Mg3Sb2-based thermoelectric materials are characterized by their economic efficiency, nontoxicity, and environmental friendliness and represent a highly promising and eco-friendly functional material for midtemperature applications. To achieve a higher thermoelectric performance, we introduced two compounds, LaCl3 and CeCl3, into Mg3.2Sb1.5Bi0.5 under the guidance of first-principles calculations. The Mg3.2Sb1.5Bi0.5 + 0.03CeCl3 sample reached a maximum ZT value of approximately 1.6 at 723 K. The calculations indicate that two n-type dopants, LaCl3 and CeCl3, can adequately improve the band structure of Mg3Sb2, and the introduction of Cl atoms will also lead to lattice distortion and reduce the lattice thermal conductivity (κL).

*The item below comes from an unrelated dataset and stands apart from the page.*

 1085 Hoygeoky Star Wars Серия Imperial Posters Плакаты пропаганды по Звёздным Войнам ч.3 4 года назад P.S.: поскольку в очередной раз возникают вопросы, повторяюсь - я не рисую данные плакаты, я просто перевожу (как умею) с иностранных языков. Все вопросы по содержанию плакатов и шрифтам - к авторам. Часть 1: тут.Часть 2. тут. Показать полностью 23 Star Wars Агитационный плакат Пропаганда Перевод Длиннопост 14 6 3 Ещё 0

Experimental results demonstrate that the introduction of Cl atoms efficiently reduces the thermal conductivity while improving the electrical transport properties. Specifically, the Mg3.2Sb1.5Bi0.5 + 0.03CeCl3 sample achieved an exceptionally low κL of 0.3 W m–1 K–1 at 723 K, thereby validating the effectiveness of LaCl3 and CeCl3 doping. This work provides valuable insights into achieving thermoelectric decoupling in Mg3Sb2-based thermoelectric materials.